GEOCHEMICAL HISTORY OF THE TELICA VOLCANIC COMPLEX, NICARAGUAN VOLCANIC FRONT: IMPLICATIONS OF NEW DATA


ALBRECHT, J.L.1, WALKER, J.A.1, PATINO, L.C.2 and CARR, M.J.3, (1)Geology and Environmental Geosciences, Northern Illinois Univ, DeKalb, IL 60115, (2)Department of Geological Sciences, Michigan State Univ, 206 Natural Science Building, East Lansing, MI 48828-1115, (3)Geological Sciences, Rutgers Univ, Piscataway, NJ 08854, albrecht@geol.niu.edu

The Telica Volcanic Complex in northwestern Nicaragua is unusual in that its basalts exhibit nearly the full range of trace element variability seen amongst mafic lavas along the entire Central American volcanic front. The Telica Volcanic Complex is comprised of several NW-SE trending volcanic edifices, primarily older dissected cones and ridges with a few younger, more distinct cones.

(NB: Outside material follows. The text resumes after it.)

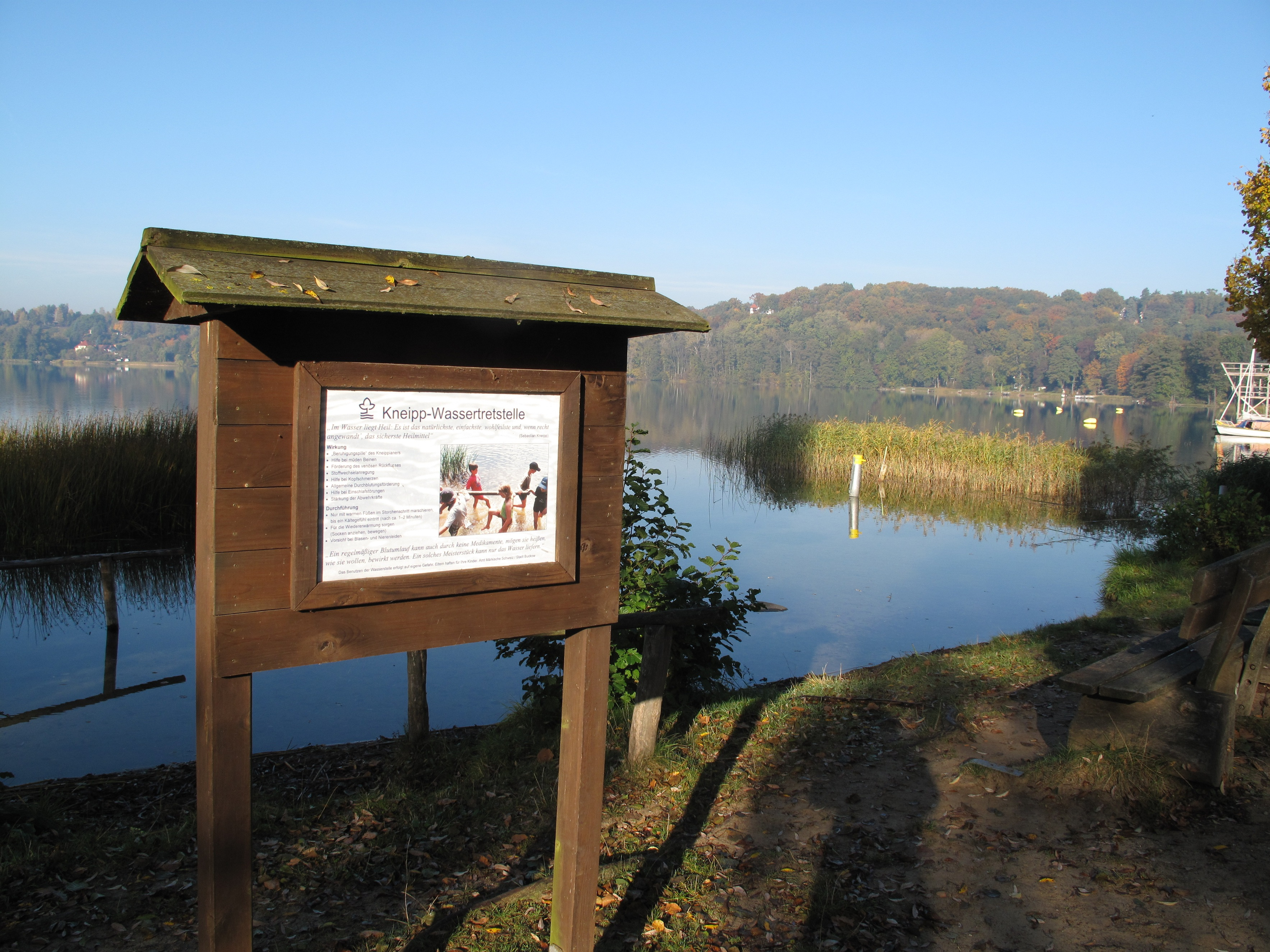 Treading water place devised by Sebastian Kneipp at the eastern shore of the Schermützelsee. The Schermützelsee is a lake in Buckow, District Märkisch-Oderland, Brandenburg, Germany. The lake covers 137 hectare and is the largest water in the hill country „Märkische Schweiz“ and in the Märkische Schweiz Nature Park.

Volcanic activity within the complex is currently centered at Telica, a stratovolcano consisting of several individual vents. We present here additional geochemical data on 45 volcanic rocks that span the entire history of the Telica Volcanic Complex. The new major and trace element data are consistent with previous data for Telica from the Centam database and Lefebvre (1986). For the complex as a whole, the youngest lavas have the highest U/La ratios, whereas Ba/Th ratios decrease with time. Given that U/La and Ba/Th ratios have been interpreted to represent variable contributions to the mantle source from Cocos Plate sediments, hemipelagic versus carbonate, respectively (Patino et al., 2000), these data suggest that there have been increasing contributions of hemipelagic sediment to magma production beneath the complex over time. The youngest lavas from the Telica cone form two distinct groups—high-Ti and low-Ti—that differ in their trace element characteristics. The high-Ti lavas are distinctly low in Ba/La and more enriched in La/Yb, Sm/Yb and Ce/Pb ratios, suggesting they represent lower degrees of melting with an attenuated slab input. The new geochemical data indicate that slab input beneath this enigmatic arc volcano have been quite variable over both long and short time scales.